Your child’s surgeon may also perform additional repairs. Other procedures may include:

  • Urethroplasty: This procedure reconstructs the urethra to ensure urine and semen flow as far forward as possible.
  • Meatoplasty (glanuloplasty): The head (glans) of the penis is reconstructed to correspond with the newly created urethral opening during a meatoplasty procedure.
  • Scroplasty: The scrotum has been repaired by a scrotoplasty.

The surgeon utilizes dissolvable stitches to close the incisions (cuts). These stitches are designed to dissolve within approximately two weeks.

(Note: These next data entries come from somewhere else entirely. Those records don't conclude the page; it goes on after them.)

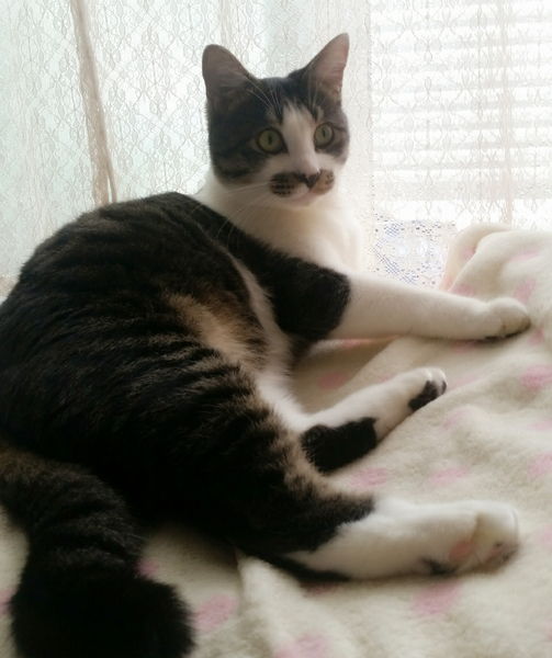 | 特徴(性格など) | 4月21日(日)ミャオ!ねこのおうち譲渡会に参加しますので、そちらに会いにいらしてください。 ◇仮名◇チュッチュ君 ◇毛色◇キジシロはちわれ ◇性別◇オス ◇性格◇ メインクーンやノルウェージャンのように優雅で大きなぬいぐるみのような猫ちゃんです。 毛色は、サバシロ風の濃い色のキジシロです。 白い部分は真っ白で、長毛風でとても綺麗です。 お口まわりにあるヒョウ柄風のワンポイントのチョビ髭がチャームポイントでとっても可愛いです♪ 尻尾は、幸運を引っ掛けて運んできてくれる鍵尻尾です! まだ、1歳半くらいですが、凄く落ち着いていてとても穏やかな性格ですが、遊びはいつでも全力で、やんちゃな男の子に豹変し大きな体で一生懸命遊んでいる姿は本当に可愛いです。 甘えたい時は、自らそっと寄り添ってきて「撫でて~♪」と、頭を差し出してきます。 添い寝をしたり、人の側にいることも大好きです。 ワンちゃんとも、どんな猫ちゃんとも仲良くできる攻撃性の全くない心の優しい男の子です。 先住猫さんのいるお家か、里親募集中のKARA君か、(祈、実ちゃん姉妹)と、一緒にお迎えして頂ければ嬉しいです。 終生、パートナーとして、家族として、大切に愛し寄り添ってあげて下さい。 |
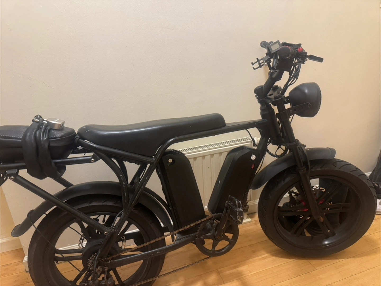 48v 60ah battery! Has 2 of the 48v 30ah batteries which makes 60ah. You can use one battery at a time or both. To be safe only use both batteries when they are fully charged. Great for delivery guys! You can last 12 hours on 15mph around 8-9 doing 20mph. motorcycle tires. Better grips. Half twist throttle. Very thick tires! Rear rack is removable. Tires also have “flatout” in them. You will not catch a flat if you do then you definitely ran over a nail lol. Even then will be hard to get flat because of the “flatout”
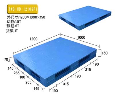 產(chǎn)品型號: AT-1210SP1 產(chǎn)品貨號: T40 產(chǎn)品外尺寸: 1200×1000×150 產(chǎn)品內尺寸: 產(chǎn)品結構: 雙面平板 產(chǎn)品內容量(L): 承重量(T): 動(dòng)載:1.5T 靜載:6T 貨架:1T 產(chǎn)品認可標準: ISO9001:2000質(zhì)量體系認證 此款塑料托盤(pán)為雙面平板面重型;
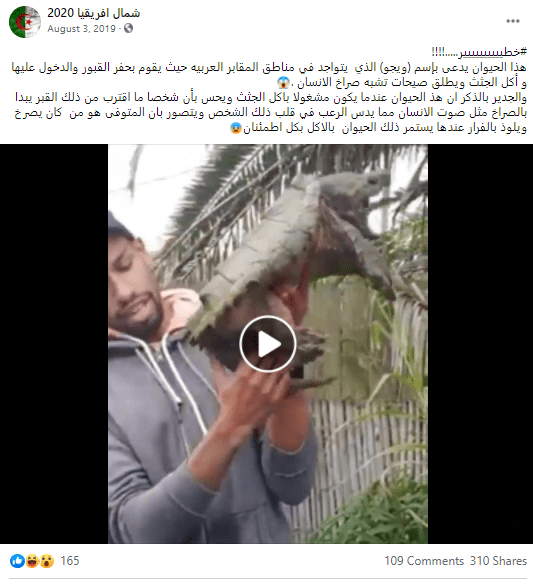 هذا المقطع مفبرك والحيوان الذي يظهر في مشهد الفيديو ليس “ويجو”
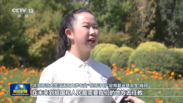 北京師范大學(xué)漢語(yǔ)言文學(xué)專(zhuān)業(yè)“優(yōu)師計(jì)劃”定向就業(yè)師范生 肖珂:總書(shū)記勉勵(lì)我們?cè)鲩L(zhǎng)傳道授業(yè)解惑本領(lǐng),在未來(lái)到祖國(guó)和人民最需要我們的地方去任教。我定不負(fù)囑托,努力學(xué)習(xí),在畢業(yè)后回到我的家鄉(xiāng)。
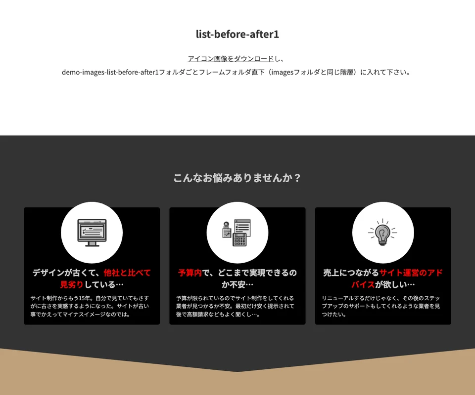 アイコン画像を先にDLし、demo-images-list-before-after1フォルダごとフレームフォルダ直下(imagesフォルダと同じ階層)に入れて下さい。

Hypospadias repair can be either a one- or two-stage procedure depending on the severity. Mild cases of hypospadias typically require only a one-stage repair, which involves a single surgery.
Your child will require a two-stage hypospadias correction if they have penoscrotal hypopadias. This entails having two procedures, usually six months apart. During this process, the urologist could use your child’s mouth tissue to help build their new urethra.

After the procedure

After a hypospadias repair, healthcare providers will secure the stent and cover your child’s stitches. In the recovery room, a healthcare team will monitor your child’s general health until they wake up. Since most hypospadias repairs are outpatient procedures, your child can typically go home the same day.

You’ll receive instructions from healthcare providers on how to assist your child’s recovery, especially during the first week post-surgery. They may prescribe pain relief medication for your child.

Your child will be discharged once healthcare providers confirm they are stable and no longer require monitoring.

Outcome

Success rates for hypospadias repairs are very high. Your child’s penis will continue to grow and function normally and most repairs last a lifetime.

The following are some advantages to hypospadias repair:

  • Reconstructing your child’s urethra to the tip of their penis to enable regular ejaculation and urination.
  • Making their penis straighter.
  • Improved its appearance.

After hypospadias correction, most kids experience tiredness. They might sleep more during the course of the next few days. They heal more quickly while they sleep.
The recovery process times can vary, so keep in mind that your child’s body is unique. Usually, bruising and swelling go away in two weeks or less. In approximately six weeks, many children recover completely.

If your child has any unusual signs or symptoms following a hypospadias repair, contact their healthcare provider immediately. These indications could consist of:

  • Fever.
  • Heavy bleeding in the affected areas.
  • Increased pain.
  • Infection.
  • Swelling.
  • The catheter dislodge.
  • Trouble peeing.
  • Urine is leaking around the catheter.
  • Vomiting three or more times a day.
  • Your child does not urinate.

Schedule regular follow-up appointments with your child’s healthcare provider to monitor the healing of their penis and any other affected areas after hypospadias repair. Depending on the severity of the condition, additional procedures may be necessary.